National Review Online
Wednesday, January 08, 2014
This year marks the 50th anniversary of President Lyndon
Baines Johnson’s proclamation of a “war on poverty,” and the progress in this
theater has not been encouraging. Trillions of dollars have been spent, and the
number of Americans living in poverty is higher today than it was in 1964,
while the poverty rate has held steady at just under one in five. That
contrasts unpleasantly with the trend before President Johnson declared his
war: The poverty rate had been dropping since the end of World War II. That
progress came to a halt as President Johnson’s expensive and expansive vision
began to be implemented in earnest, which coincided with the tapering of the
postwar boom. By the 1970s, the poverty rate was headed upward. It declined a
bit during the Reagan years, crested and receded again in the 1990s, and
resumed its melancholy ascent around the turn of the century.
To understand the failure of the war on poverty requires
understanding its structure, which itself is bound up in the idiosyncrasies of
Lyndon Johnson’s politics.

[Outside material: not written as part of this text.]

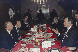 13 ноября 1991 года Верховный совет СССР, в котором главную роль играла делегация РСФСР, делегации республик, не разрешил государственному банку СССР какое бы то ни было финансирование правительства и президентской администрации СССР. С 13 ноября 1991 года президент Горбачев перестал получать заработную плату и не мог платить заработную плату своему личному аппарату и дипломатическим ведомствам. Потом этим дипломатическим ведомствам стало платить заработную плату руководство РСФСР[54].

President Johnson played many parts in his political
career: Southern ballast to John Kennedy’s buoyant Yankee idealism; an enemy of
civil-rights reform and anti-lynching laws who reversed himself in 1964; a
sometimes reluctant but in the end unshakeable Cold Warrior. But at heart
President Johnson was a New Deal man, and his Great Society, of which the war
on poverty was a critical component, was his attempt to resuscitate the spirit
and the political success of Franklin Roosevelt’s program.

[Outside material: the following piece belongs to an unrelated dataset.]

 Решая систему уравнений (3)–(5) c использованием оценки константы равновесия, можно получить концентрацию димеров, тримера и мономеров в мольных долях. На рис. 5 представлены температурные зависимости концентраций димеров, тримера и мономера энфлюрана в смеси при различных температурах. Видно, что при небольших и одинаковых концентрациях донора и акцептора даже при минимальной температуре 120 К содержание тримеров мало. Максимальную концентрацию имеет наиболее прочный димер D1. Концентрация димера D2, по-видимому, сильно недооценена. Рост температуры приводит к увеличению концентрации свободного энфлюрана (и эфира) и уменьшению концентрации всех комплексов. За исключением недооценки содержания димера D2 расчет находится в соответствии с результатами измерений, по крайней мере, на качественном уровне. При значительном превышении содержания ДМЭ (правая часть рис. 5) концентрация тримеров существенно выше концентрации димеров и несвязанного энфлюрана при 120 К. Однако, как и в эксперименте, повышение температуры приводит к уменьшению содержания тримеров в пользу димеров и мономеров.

It was the New Deal that made Johnson’s Texas a fiercely
Democratic state, as the older residents of New Deal, Texas, no doubt remember.
Johnson’s House district was energetically anti-Communist, not especially
segregationist, but above all wild about the New Deal. Johnson ran for the
House as a New Dealer, and it was his association with FDR’s domestic agenda
(and, according to biographer Robert Caro, a few thousand fraudulent ballots)
that made him a senator and a force.
For all its shortcomings, and they were many, the New
Deal was enacted in response to a genuine economic crisis—the Great Depression.
The Great Society was launched under very different circumstances: Between the
end of World War II and President Johnson’s declaration of war on poverty, the
real economic output of the United States had doubled. The postwar boom was not
destined to last forever, because the war-ravaged nations of Europe and Asia
inevitably would reemerge as global economic competitors, but in the early
1960s the United States enjoyed a position of unprecedented economic advantage.
The real challenge of the Johnson years, tragically overlooked, was figuring
out how to build upon that position and consolidate those gains. Unfortunately,
what got consolidated was political power, as Johnson and his progressive
allies did what progressives always do: transfer wealth, power, and
responsibility from the private sector to the public sector, where they can be
put under the political discipline of men such as Johnson and his allies.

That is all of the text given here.